目的：基于人工智能的自动轮廓通过减少轮廓时间来简化放疗，但需要严格的验证和持续的日常监测。本研究评估了软件更新如何影响轮廓精度，并检查了图像质量变化如何影响人工智能性能。方法：对两组患者进行分析。软件更新队列（40个CT扫描：20个胸腔，10个骨盆，10个H&N）比较了六个版本的Limbus AI轮廓软件。图像质量队列（20例患者：H&N，骨盆，脑，胸腔）使用Standard， iDose和IMR算法分析每位患者12次重建，模拟噪声和空间分辨率（SR）降低。采用体积骰子相似系数（vDSC）和95%豪斯多夫距离（HD95%）评估人工智能性能，并采用Wilcoxon检验进行显著性检验。结果：在软件更新队列中，重新训练结构的vDSC在不同版本中有所改善（平均DSC≥0.75），乳房轮廓vDSC在v1.5和v1.8B3之间下降了1% （p > 0.05）。中位HD95%值一致为0.05)。在图像质量队列中，在Standard、iDose和IMR算法之间没有观察到显著差异。然而，噪声和SR退化显著降低了性能：vDSC≥0.9从2%噪声时的89%下降到20%噪声时的30%，随着SR退化的增加，vDSC从87%下降到70% (p)结论：人工智能轮廓精度随着软件更新而提高，对较小的重建变化表现出鲁棒性，但对噪声和SR退化敏感。人工智能生成轮廓的持续验证和质量控制是必不可少的。未来的研究应包括更广泛的解剖区域和更大的队列。

本文章由计算机程序翻译，如有差异，请以英文原文为准。

查看原文本刊更多论文

Robustness evaluation of an artificial intelligence-based automatic contouring software in daily routine practice.
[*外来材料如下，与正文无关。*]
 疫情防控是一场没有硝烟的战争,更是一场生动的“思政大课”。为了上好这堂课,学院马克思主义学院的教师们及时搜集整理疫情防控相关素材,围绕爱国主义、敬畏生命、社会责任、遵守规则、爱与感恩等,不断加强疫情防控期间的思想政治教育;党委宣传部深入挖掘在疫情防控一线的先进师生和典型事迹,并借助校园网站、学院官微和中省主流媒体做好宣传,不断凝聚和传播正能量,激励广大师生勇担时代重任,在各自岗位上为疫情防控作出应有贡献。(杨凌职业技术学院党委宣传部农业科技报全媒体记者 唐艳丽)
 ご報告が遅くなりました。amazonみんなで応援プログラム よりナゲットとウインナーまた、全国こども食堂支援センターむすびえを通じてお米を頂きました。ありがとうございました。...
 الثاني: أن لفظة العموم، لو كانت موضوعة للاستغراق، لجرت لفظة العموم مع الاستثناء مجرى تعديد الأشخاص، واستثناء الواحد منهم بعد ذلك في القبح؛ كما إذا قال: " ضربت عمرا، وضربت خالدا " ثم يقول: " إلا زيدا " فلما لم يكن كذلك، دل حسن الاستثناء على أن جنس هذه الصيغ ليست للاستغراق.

Purpose: AI-based automatic contouring streamlines radiotherapy by reducing contouring time but requires rigorous validation and ongoing daily monitoring. This study assessed how software updates affect contouring accuracy and examined how image quality variations influence AI performance.

Methods: Two patient cohorts were analyzed. The software updates cohort (40 CT scans: 20 thorax, 10 pelvis, 10 H&N) compared six versions of Limbus AI contouring software. The image quality cohort (20 patients: H&N, pelvis, brain, thorax) analyzed 12 reconstructions per patient using Standard, iDose, and IMR algorithms, with simulated noise and spatial resolution (SR) degradations. AI performance was assessed using Volumetric Dice Similarity Coefficient (vDSC) and 95 % Hausdorff Distance (HD95%) with Wilcoxon tests for significance.
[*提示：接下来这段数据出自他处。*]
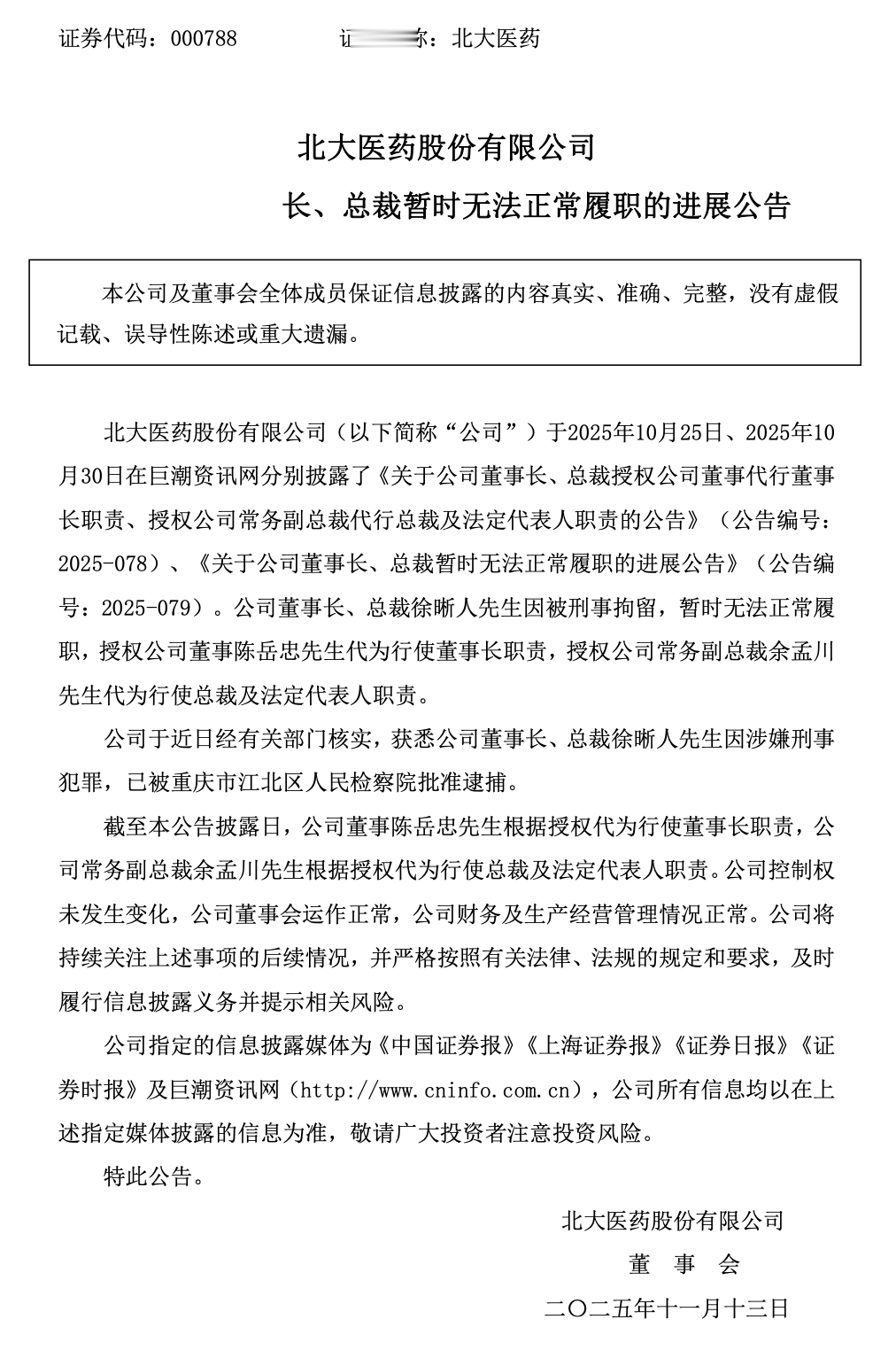 11月12日晚间,北大医药公告,公司董事长、总裁徐晰人因涉嫌刑事犯罪已被重庆市江北区人民检察院批准逮捕。此前公司于2025年10月25日、10月30日披露了徐晰人因被刑事拘留暂时无法正常履职的情况。

Results: In the software updates cohort, vDSC improved for re-trained structures across versions (mean DSC ≥ 0.75), with breast contour vDSC decreasing by 1 % between v1.5 and v1.8B3 (p > 0.05). Median HD95% values were consistently <4 mm, <5 mm, and <12 mm for H&N, pelvis, and thorax contours, respectively (p > 0.05). In the image quality cohort, no significant differences were observed between Standard, iDose, and IMR algorithms. However, noise and SR degradation significantly reduced performance: vDSC ≥ 0.9 dropped from 89 % at 2 % noise to 30 % at 20 %, and from 87 % to 70 % as SR degradation increased (p < 0.001).
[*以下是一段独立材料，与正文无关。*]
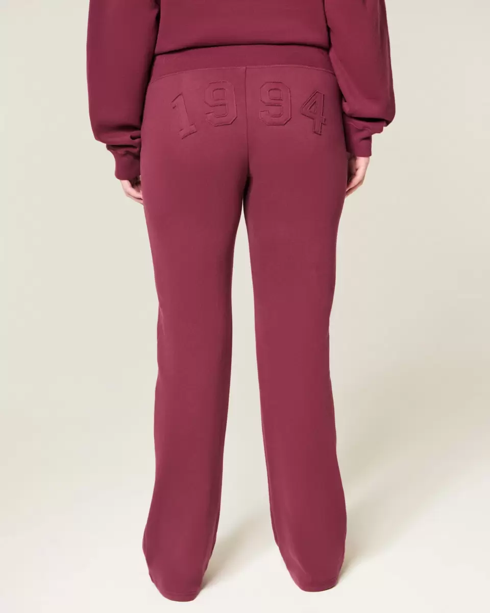 Super soft fleece sweatpants designed with a slim leg and boot hem. Low-rise drawstring waist, 1994 graphic applique at back.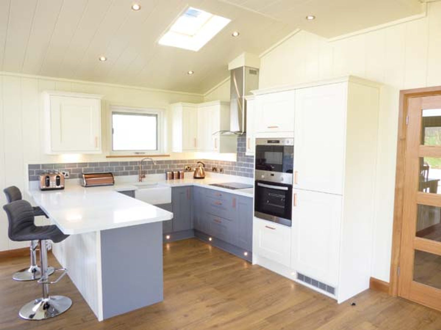 Presented to a high standard with contemporary styling throughout, the lodge is spacious and comprises an open plan living area with a designer kitchen with a Belfast sink, a breakfast bar, dining area and a sitting area with lovely views through the full length windows out across the park to open countryside.
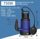 220V 750W Household Water Pump Fish Tank Drain Pump Irrigation Submersible Pump

Conclusion: AI contouring accuracy improved with software updates and showed robustness to minor reconstruction variations, but it was sensitive to noise and SR degradation. Continuous validation and quality control of AI-generated contours are essential. Future studies should include a broader range of anatomical regions and larger cohorts.

求助全文

通过发布文献求助，成功后即可免费获取论文全文。去求助

来源期刊

Physica Medica-European Journal of Medical Physics 生物-生物物理

CiteScore

6.80

自引率

14.70%

发文量

493

审稿时长

78 days

期刊介绍： Physica Medica, European Journal of Medical Physics, publishing with Elsevier from 2007, provides an international forum for research and reviews on the following main topics: Medical Imaging Radiation Therapy Radiation Protection Measuring Systems and Signal Processing Education and training in Medical Physics Professional issues in Medical Physics.